Vitamin C Prevents Wrinkles, Slow Skin Aging

An orange a day may truly keep your wrinkles away. A new study has suggested that consumption of foods rich in Vitamin C habitually helps preventing skin ageing.

Vitamin C, which is also called ascorbic acid, is found in various fruit and vegetables. The main sources of Vitamin C consist of tomatoes, lemon, peppers, broccoli, brussels sprouts, oranges, kiwi fruit, strawberries, leafy greens, papaya, mango, watermelon, cauliflower, cabbage, raspberries and pineapples.

British researchers have detached links between nutrient consumption and skin aging in 4,025 women aged between 40 to 74 using information from the first National Health and Nutrition Examination Survey.

All the women experienced wide dermatologic examinations designed to assess skin wrinkling and other facets of skin ageing, and also completed a review listing all the foods they consumed in a particular day.

Skin ageing was defined as having a wrinkled look, senile dryness and skin atrophy.

The study by nutritional epidemiologist Maeve C Cosgrove and other co-researchers have discovered that those who consumed plenty of Vitamin C-rich foods had fewer wrinkles as compared to those whose diets carried little of the vitamin.

According to Cosgrove, “Vitamin C is an antioxidant that has been shown to play a role in the synthesis of collagen, the protein that helps keep skin elastic. Our findings add evidence to a predominately supplement and topical application-based hypothesis that what we eat affects our skin-ageing appearance,” Cosgrove added.

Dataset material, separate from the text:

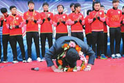 延边俱乐部主任跪谢球迷 200辆车组成欢迎车队15年的等待,15年的追逐,2015年10月18日,延边队在武汉实现了冲超夙愿,重回中国足球顶级联赛。昨天中午,延边足球将士返回家乡延吉,他们受到了英雄般的礼遇,整个城市都在为英雄们欢呼。俱乐部主任朴成雄更是用跪谢的方式来感谢延边球迷。...

“This is one of the first studies to examine the impact of nutrients from foods rather than supplements on skin ageing. Diets rich in Omega-6 fatty acid were found to be associated with less skin ageing from dryness and thinning while higher fat diets and those higher in carbohydrates were found to be linked to more wrinkling.”

Vitamin C is a water-soluble vitamin that is bery important in the formation of collagen, a protein, which provides structure to bones, cartilage, muscle, and blood vessels.